### Exercise objective
Once the line containing "Titelblatt, (8), große" is found in the data below, repeat it and every later line exactly, leaving the pictures out.

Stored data
_ _ _ _
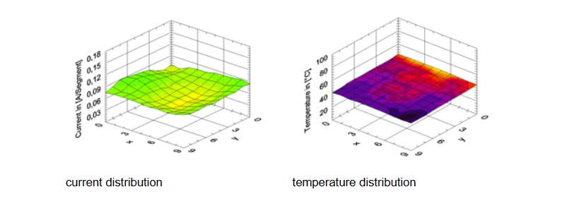 The device of type current scan lin shown befor has a resolution of 17 x 19 measurement cells and an active area of 150cm². It will be placed between the two halves of a bipolar plate at an arbitrary place in the stack. The pictures below show a typical current distribution and a temperature distribution.
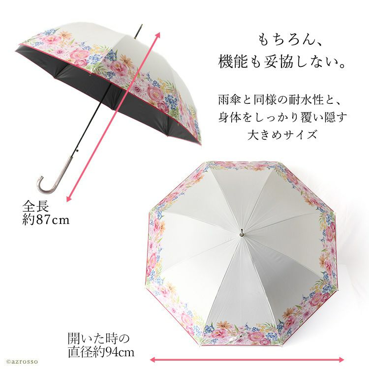 ローズガーデンという名のおしゃれな晴雨兼用傘。すっきりフォルムの長傘、大きいサイズなのに軽量、ワンタッチのジャンプ傘。簡単開閉&完全遮光 日傘 完全遮光 長傘 晴雨兼用 傘 軽量 8本骨 遮光率100% uvカット 花柄 一級 遮光 遮熱 レディース ブランド 雨傘 おしゃれ バラ ピンク アイボリー ベージュ 簡単開閉 誕生日 プレゼント ギフト 20代 30代 40代 50代 60代
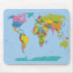 Mapa do mundo com nomes de países, nomes de cidades, grandes cidades, nomes de ilhas, nomes de mar e gratificações. Os países são representados em cores brilhantes.
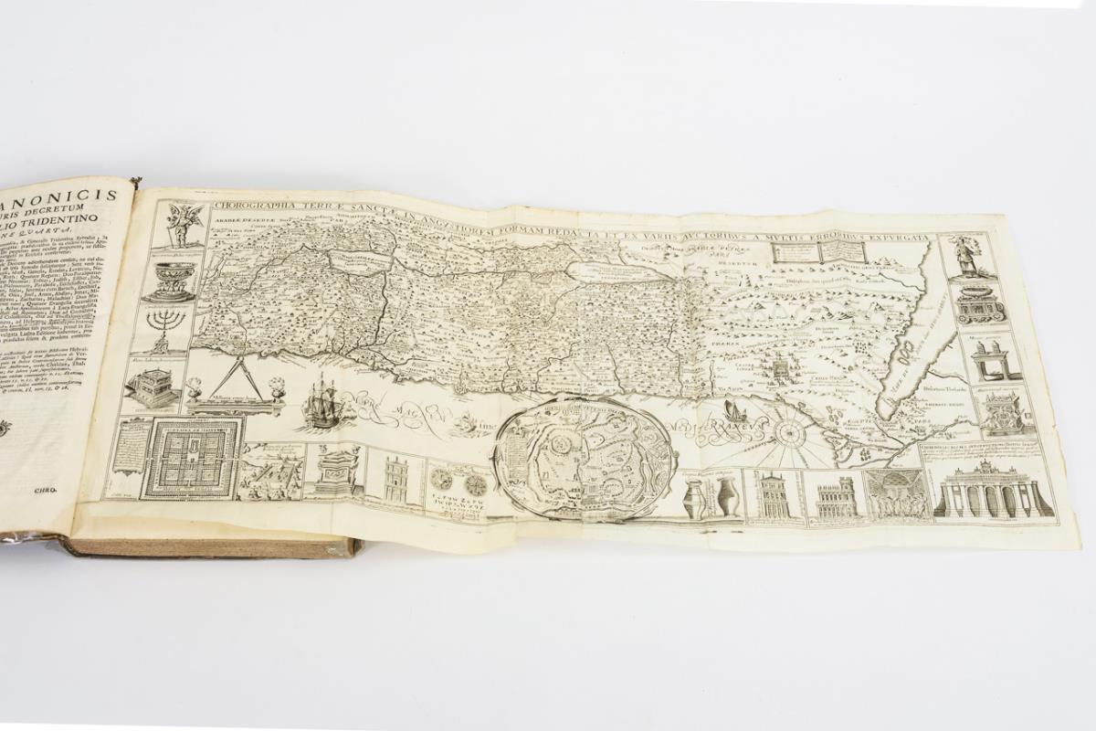 Titelblatt, (8), große Karte des Heiligen Landes, 63, (1), 432 Seiten und 6 Tafeln. Ledereinband. Im Vorsatz und Titel handschriftliche Vermerke, Altersspuren.
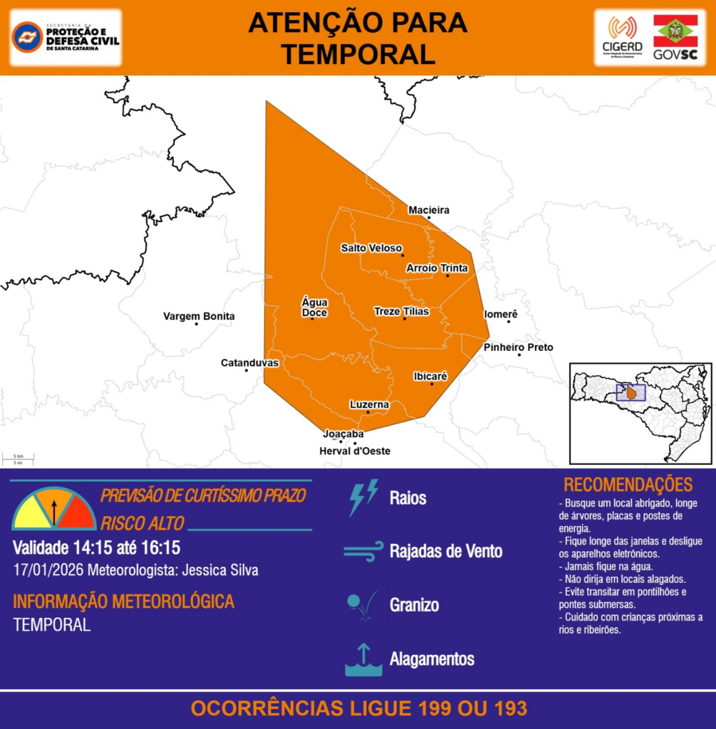 ATENÇÃO – 17/01 14:15 – TEMPORAL com RAIOS, RAJADAS DE VENTO, GRANIZO e ALAGAMENTOS para os municípios de Arroio Trinta, Catanduvas, Herval d’Oeste, Ibicaré, Iomerê, Joaçaba, Luzerna, Macieira, Pinheiro Preto, Salto Veloso, Treze Tílias, Vargem Bonita e Água Doce nas próximas 2 horas. Ocorrências ligue 199 ou 193.
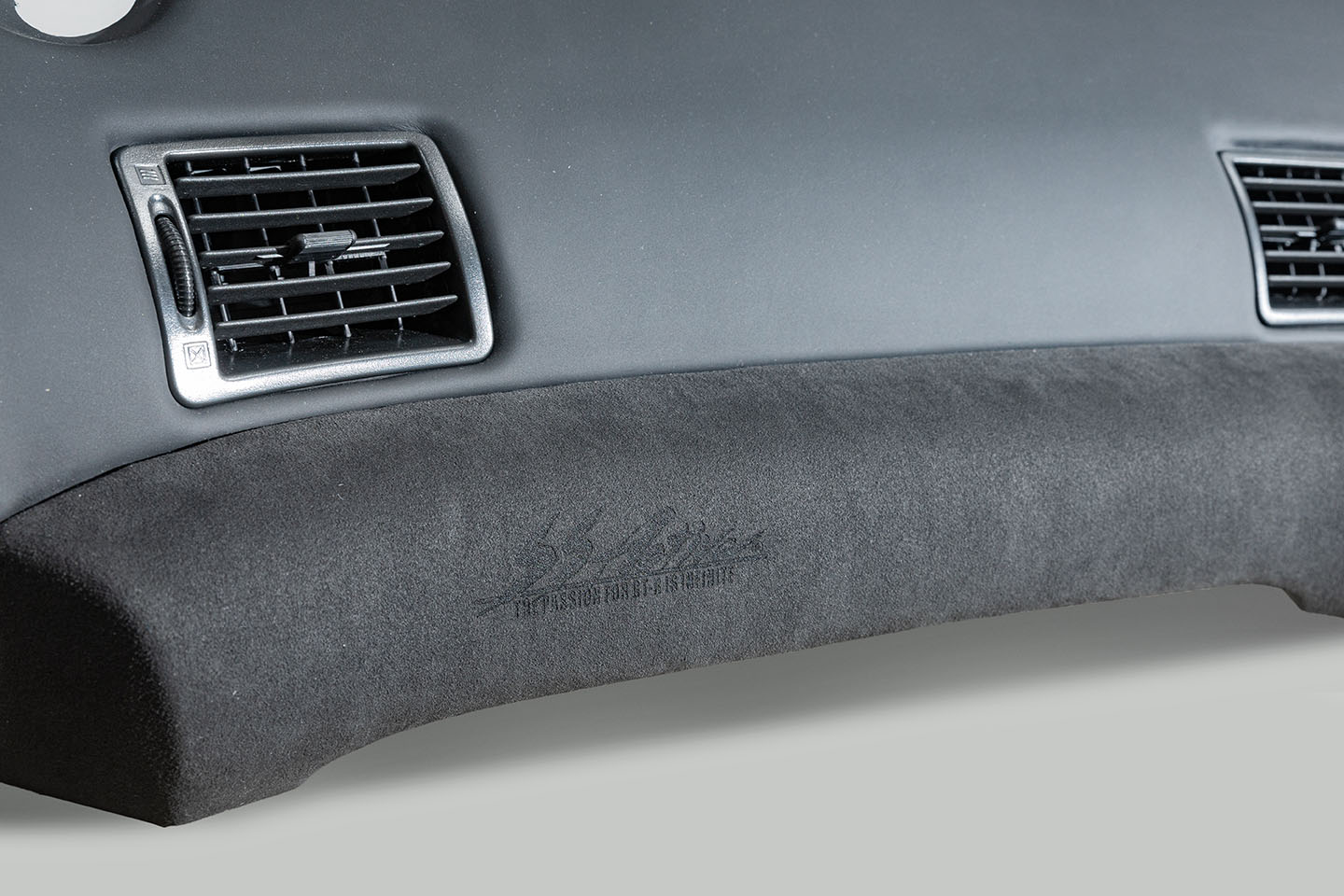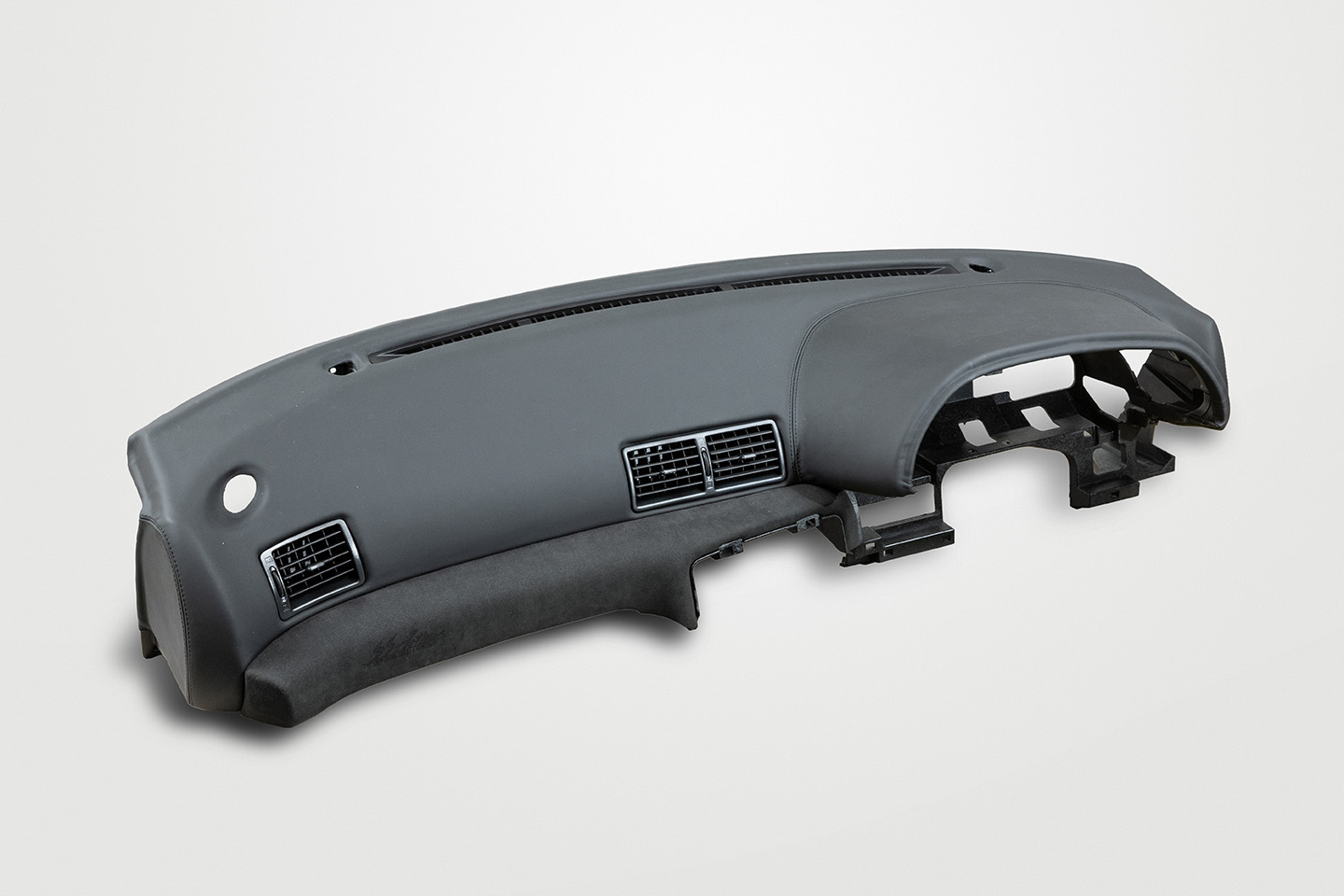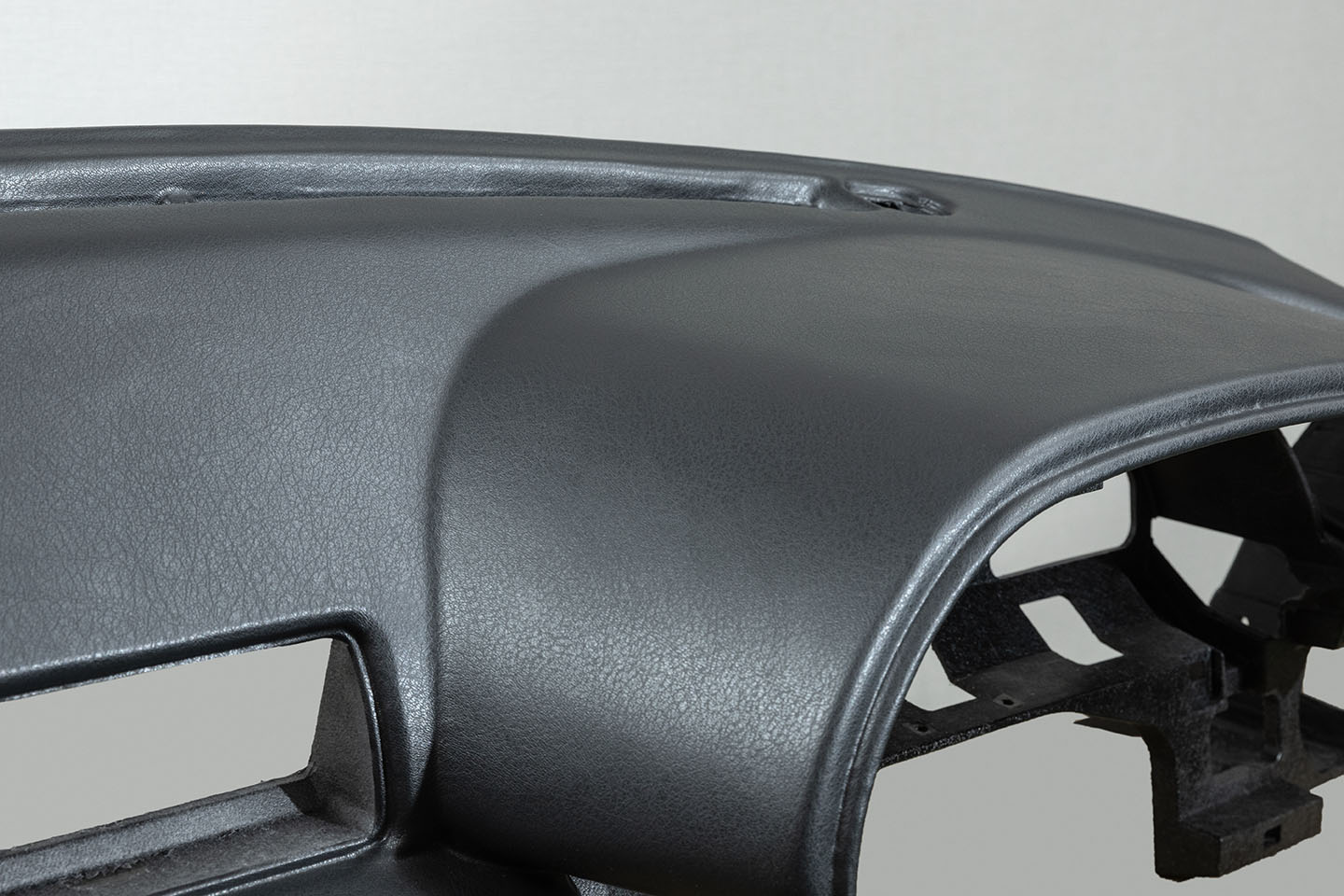 R32用のダッシュボードを現代の技術で復刻いたしました。本製品は、ベースフレームを新規金型の樹脂で成形。その上に衝撃緩衝材と表皮を装着しています。純正ダッシュボードで浮きが発生しやすいエアコンダクト下部の水平ラインに関しては、内部を2ピース構造とすることで解決を図っています。表皮は難燃性の高い素材のみを使用しており、日本の保安基準にも適合するスペックで仕上げました。
_ _ _ _
### Finished exercise
 Titelblatt, (8), große Karte des Heiligen Landes, 63, (1), 432 Seiten und 6 Tafeln. Ledereinband. Im Vorsatz und Titel handschriftliche Vermerke, Altersspuren.
 ATENÇÃO – 17/01 14:15 – TEMPORAL com RAIOS, RAJADAS DE VENTO, GRANIZO e ALAGAMENTOS para os municípios de Arroio Trinta, Catanduvas, Herval d’Oeste, Ibicaré, Iomerê, Joaçaba, Luzerna, Macieira, Pinheiro Preto, Salto Veloso, Treze Tílias, Vargem Bonita e Água Doce nas próximas 2 horas. Ocorrências ligue 199 ou 193.
 R32用のダッシュボードを現代の技術で復刻いたしました。本製品は、ベースフレームを新規金型の樹脂で成形。その上に衝撃緩衝材と表皮を装着しています。純正ダッシュボードで浮きが発生しやすいエアコンダクト下部の水平ラインに関しては、内部を2ピース構造とすることで解決を図っています。表皮は難燃性の高い素材のみを使用しており、日本の保安基準にも適合するスペックで仕上げました。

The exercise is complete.